┌─ Input data
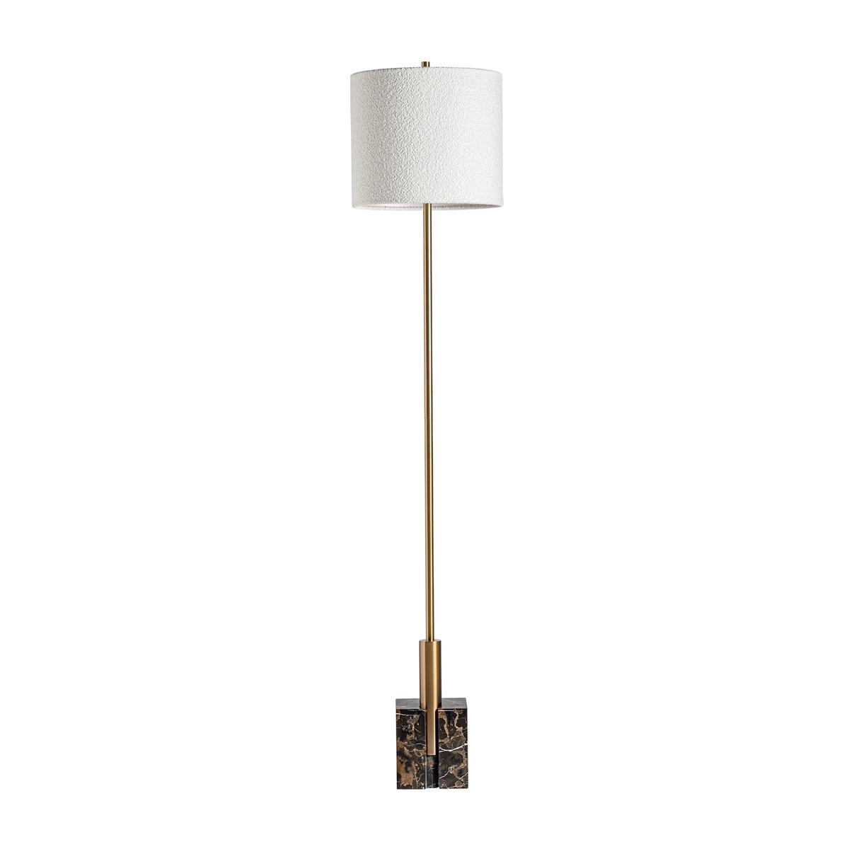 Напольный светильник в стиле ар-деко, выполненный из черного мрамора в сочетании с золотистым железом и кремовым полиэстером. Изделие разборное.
└─
┌─ Input data
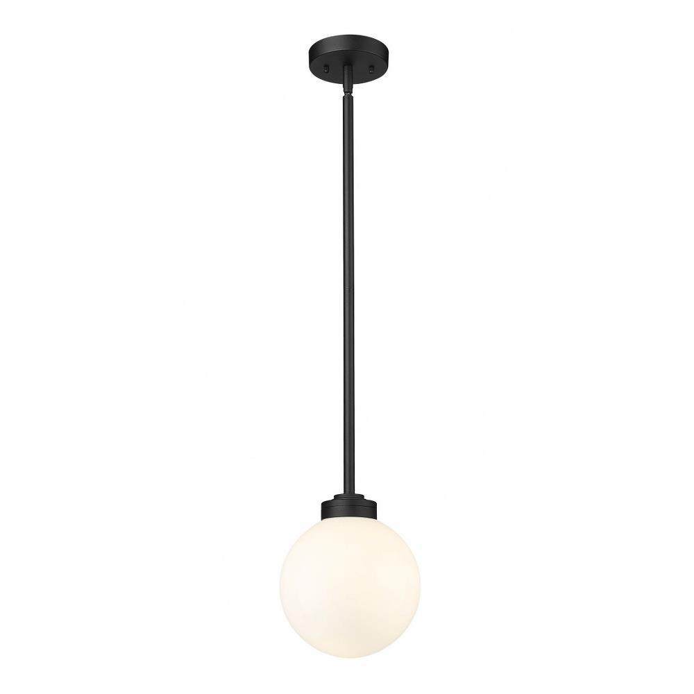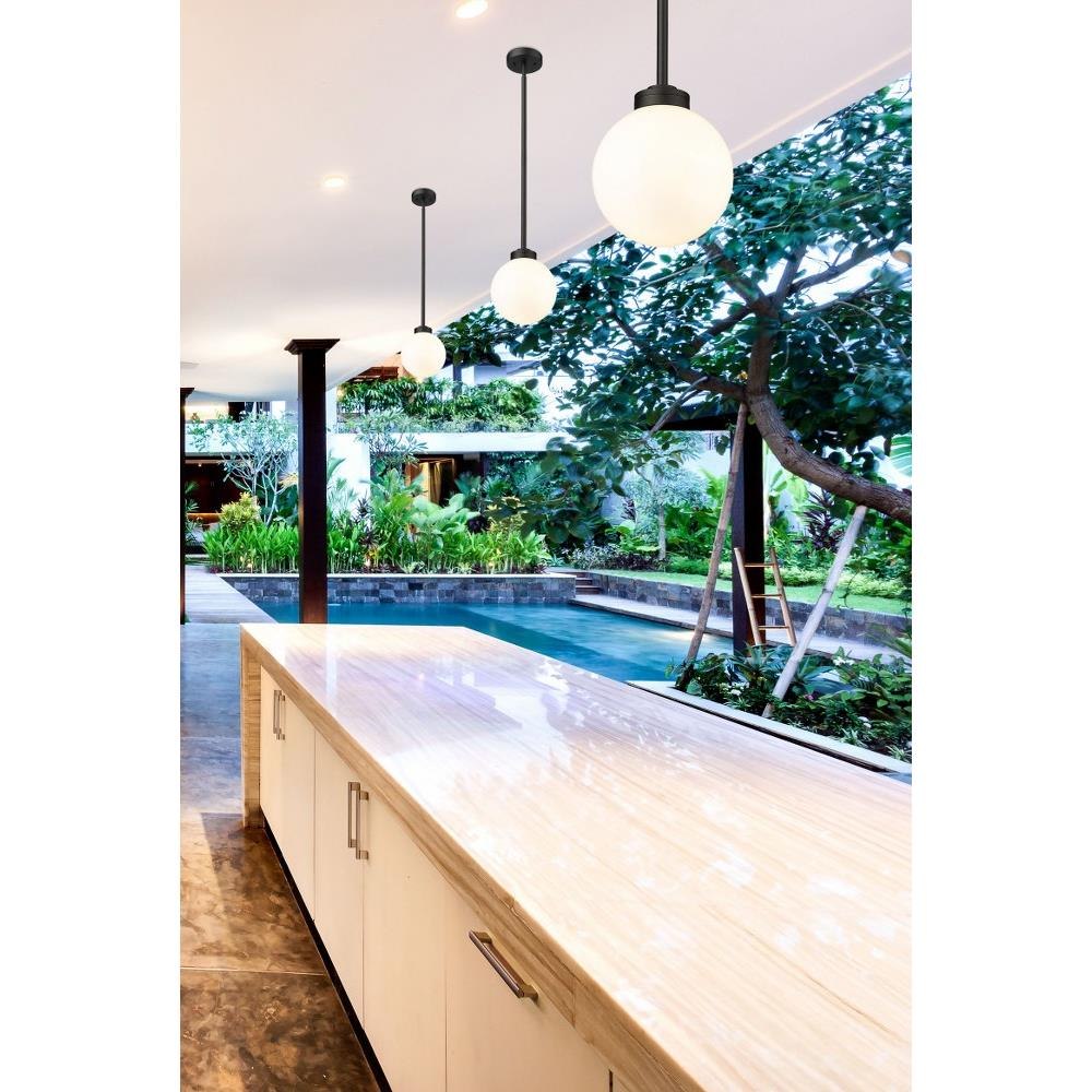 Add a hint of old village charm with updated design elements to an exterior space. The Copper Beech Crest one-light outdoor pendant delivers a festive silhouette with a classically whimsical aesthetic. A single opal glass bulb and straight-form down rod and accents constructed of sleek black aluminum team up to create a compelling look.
└─
┌─ Input data
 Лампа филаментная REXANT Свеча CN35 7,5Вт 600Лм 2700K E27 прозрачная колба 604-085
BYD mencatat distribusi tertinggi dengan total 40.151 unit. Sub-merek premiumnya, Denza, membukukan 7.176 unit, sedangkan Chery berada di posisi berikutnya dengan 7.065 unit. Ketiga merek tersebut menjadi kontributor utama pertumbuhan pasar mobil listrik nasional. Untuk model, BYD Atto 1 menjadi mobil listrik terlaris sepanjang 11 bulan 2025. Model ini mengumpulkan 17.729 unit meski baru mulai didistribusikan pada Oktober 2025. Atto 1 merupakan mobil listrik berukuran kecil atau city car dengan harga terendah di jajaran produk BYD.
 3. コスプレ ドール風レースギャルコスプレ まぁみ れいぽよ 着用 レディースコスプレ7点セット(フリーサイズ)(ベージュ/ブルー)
└─
What you will do:
Working from the data above, extract solely the lines from the one containing "BYD mencatat distribusi" through the one containing "3. コスプレ ドール風レースギャルコスプレ", exactly as they appear, both included.

Task result:
BYD mencatat distribusi tertinggi dengan total 40.151 unit. Sub-merek premiumnya, Denza, membukukan 7.176 unit, sedangkan Chery berada di posisi berikutnya dengan 7.065 unit. Ketiga merek tersebut menjadi kontributor utama pertumbuhan pasar mobil listrik nasional. Untuk model, BYD Atto 1 menjadi mobil listrik terlaris sepanjang 11 bulan 2025. Model ini mengumpulkan 17.729 unit meski baru mulai didistribusikan pada Oktober 2025. Atto 1 merupakan mobil listrik berukuran kecil atau city car dengan harga terendah di jajaran produk BYD.
 3. コスプレ ドール風レースギャルコスプレ まぁみ れいぽよ 着用 レディースコスプレ7点セット(フリーサイズ)(ベージュ/ブルー)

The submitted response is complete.